- Your assignment
Look below for the line with "Ông Hong Sun, Chủ" and the line with "小玉表示,26日時收到一封「". Copy exactly those two lines and every line between, but not the pictures.

======== Data for analysis ========

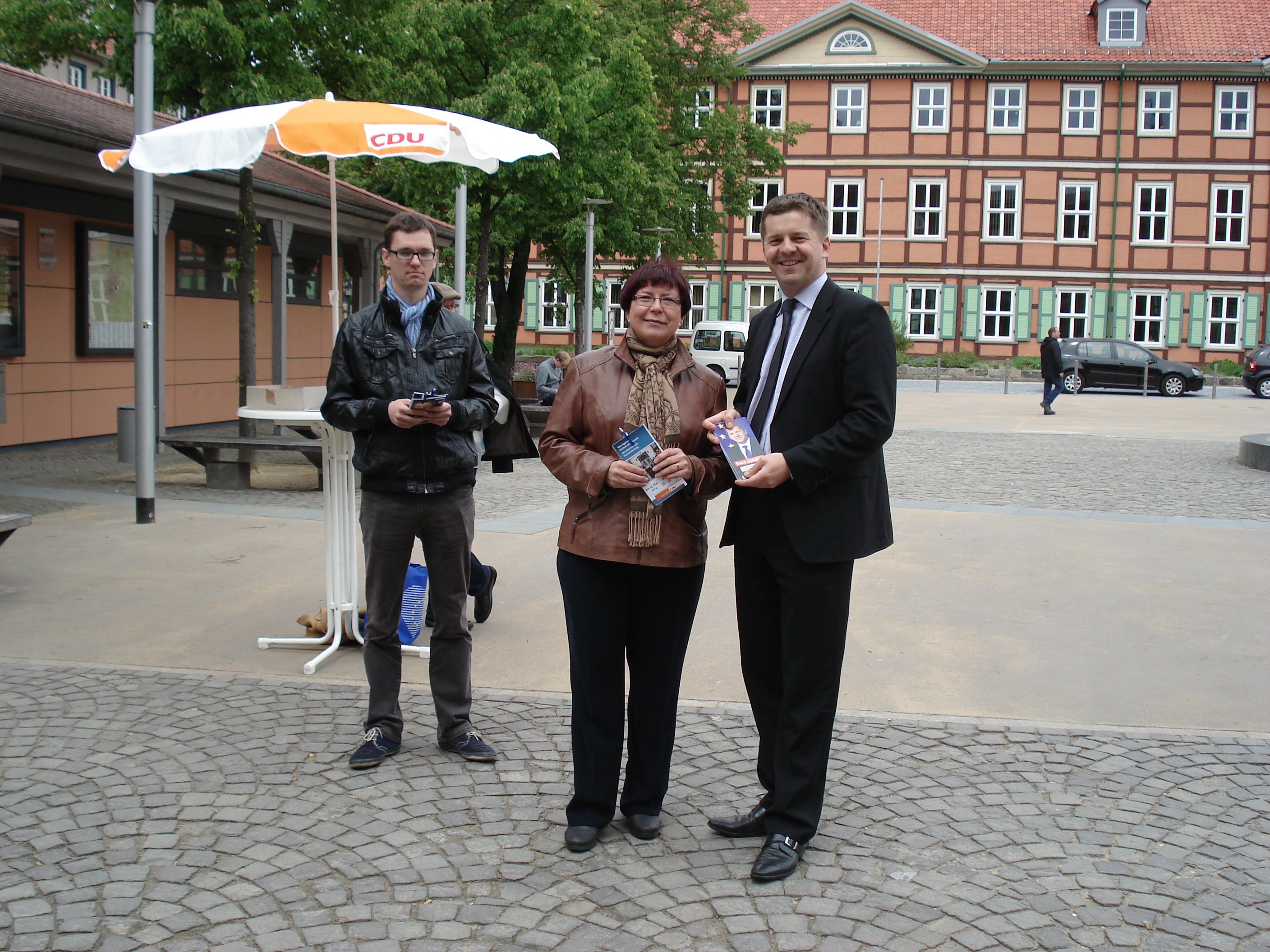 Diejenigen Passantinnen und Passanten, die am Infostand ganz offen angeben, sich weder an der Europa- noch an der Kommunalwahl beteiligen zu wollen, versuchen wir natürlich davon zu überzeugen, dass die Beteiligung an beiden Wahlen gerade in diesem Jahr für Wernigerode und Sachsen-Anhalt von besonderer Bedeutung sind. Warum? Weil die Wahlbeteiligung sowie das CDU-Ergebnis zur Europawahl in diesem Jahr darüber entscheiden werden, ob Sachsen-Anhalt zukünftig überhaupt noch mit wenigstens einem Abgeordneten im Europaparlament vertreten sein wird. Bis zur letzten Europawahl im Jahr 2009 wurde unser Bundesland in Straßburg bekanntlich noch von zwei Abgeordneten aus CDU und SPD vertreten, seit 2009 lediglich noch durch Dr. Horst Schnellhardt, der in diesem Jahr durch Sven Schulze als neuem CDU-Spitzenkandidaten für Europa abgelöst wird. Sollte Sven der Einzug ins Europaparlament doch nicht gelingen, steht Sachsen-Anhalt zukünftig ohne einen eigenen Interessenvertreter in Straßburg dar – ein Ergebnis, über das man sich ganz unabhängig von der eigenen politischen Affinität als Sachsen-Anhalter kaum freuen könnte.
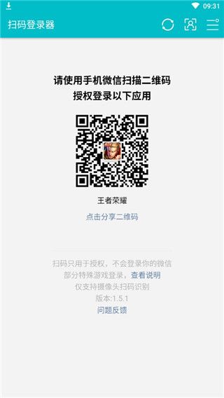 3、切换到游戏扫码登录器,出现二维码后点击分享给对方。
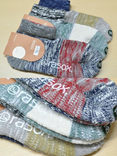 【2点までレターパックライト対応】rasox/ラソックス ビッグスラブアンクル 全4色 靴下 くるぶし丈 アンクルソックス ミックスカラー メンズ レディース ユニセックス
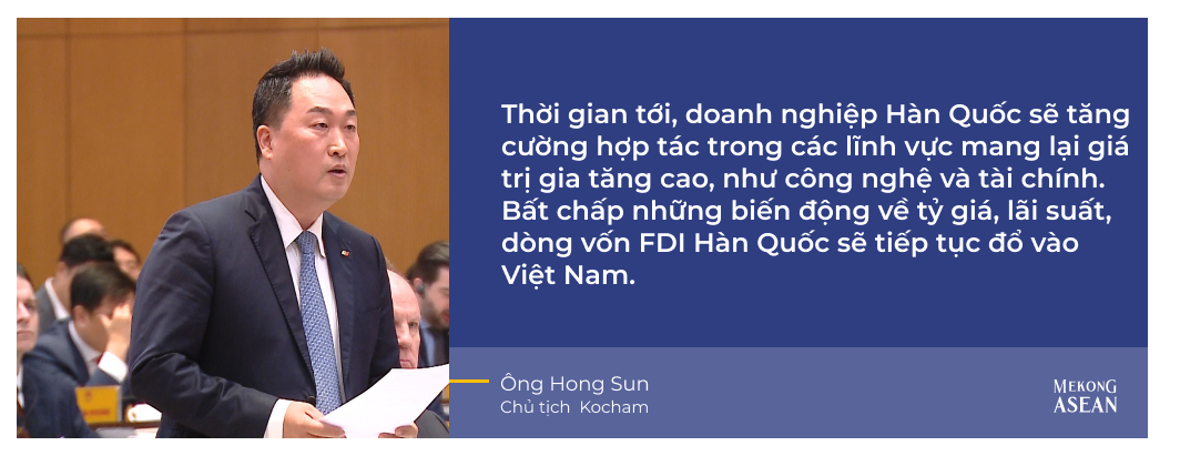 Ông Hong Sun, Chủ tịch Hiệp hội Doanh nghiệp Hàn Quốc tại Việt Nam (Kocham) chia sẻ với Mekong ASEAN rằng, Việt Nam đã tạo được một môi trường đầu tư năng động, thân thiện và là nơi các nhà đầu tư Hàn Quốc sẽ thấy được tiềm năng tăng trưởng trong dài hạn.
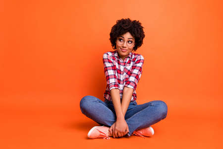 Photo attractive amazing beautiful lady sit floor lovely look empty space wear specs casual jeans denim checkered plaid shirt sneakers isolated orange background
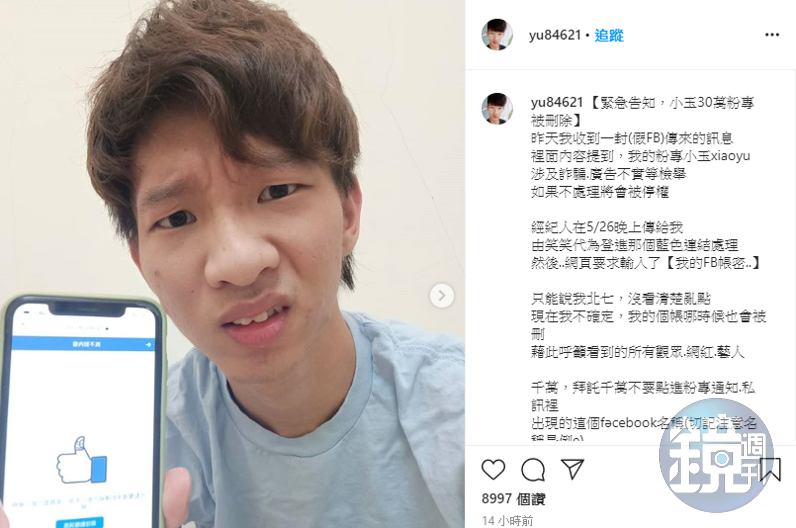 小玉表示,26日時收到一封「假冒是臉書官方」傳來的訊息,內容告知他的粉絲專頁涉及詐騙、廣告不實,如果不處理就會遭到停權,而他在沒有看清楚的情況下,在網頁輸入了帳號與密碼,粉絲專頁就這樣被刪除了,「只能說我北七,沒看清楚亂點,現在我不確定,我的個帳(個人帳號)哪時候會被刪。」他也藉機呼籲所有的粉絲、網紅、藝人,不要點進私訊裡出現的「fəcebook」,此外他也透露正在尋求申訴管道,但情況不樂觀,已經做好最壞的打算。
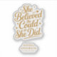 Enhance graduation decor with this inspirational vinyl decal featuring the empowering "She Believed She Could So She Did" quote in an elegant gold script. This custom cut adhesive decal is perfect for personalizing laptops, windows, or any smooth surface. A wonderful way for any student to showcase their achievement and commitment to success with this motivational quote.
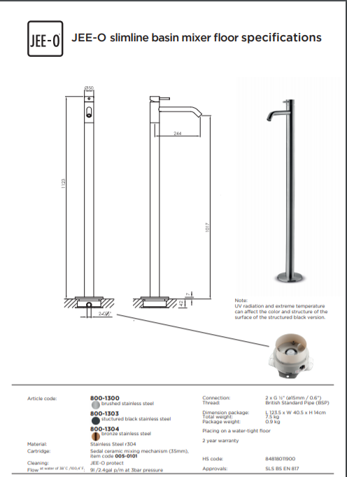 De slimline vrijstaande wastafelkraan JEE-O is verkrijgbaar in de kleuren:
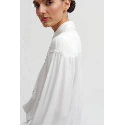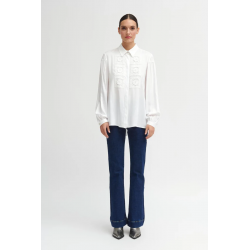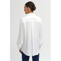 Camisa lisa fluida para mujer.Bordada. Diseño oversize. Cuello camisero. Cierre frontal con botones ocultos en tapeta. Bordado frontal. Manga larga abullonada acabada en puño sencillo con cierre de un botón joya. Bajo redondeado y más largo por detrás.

========

- Answer to this exercise
 Ông Hong Sun, Chủ tịch Hiệp hội Doanh nghiệp Hàn Quốc tại Việt Nam (Kocham) chia sẻ với Mekong ASEAN rằng, Việt Nam đã tạo được một môi trường đầu tư năng động, thân thiện và là nơi các nhà đầu tư Hàn Quốc sẽ thấy được tiềm năng tăng trưởng trong dài hạn.
 Photo attractive amazing beautiful lady sit floor lovely look empty space wear specs casual jeans denim checkered plaid shirt sneakers isolated orange background
 小玉表示,26日時收到一封「假冒是臉書官方」傳來的訊息,內容告知他的粉絲專頁涉及詐騙、廣告不實,如果不處理就會遭到停權,而他在沒有看清楚的情況下,在網頁輸入了帳號與密碼,粉絲專頁就這樣被刪除了,「只能說我北七,沒看清楚亂點,現在我不確定,我的個帳(個人帳號)哪時候會被刪。」他也藉機呼籲所有的粉絲、網紅、藝人,不要點進私訊裡出現的「fəcebook」,此外他也透露正在尋求申訴管道,但情況不樂觀,已經做好最壞的打算。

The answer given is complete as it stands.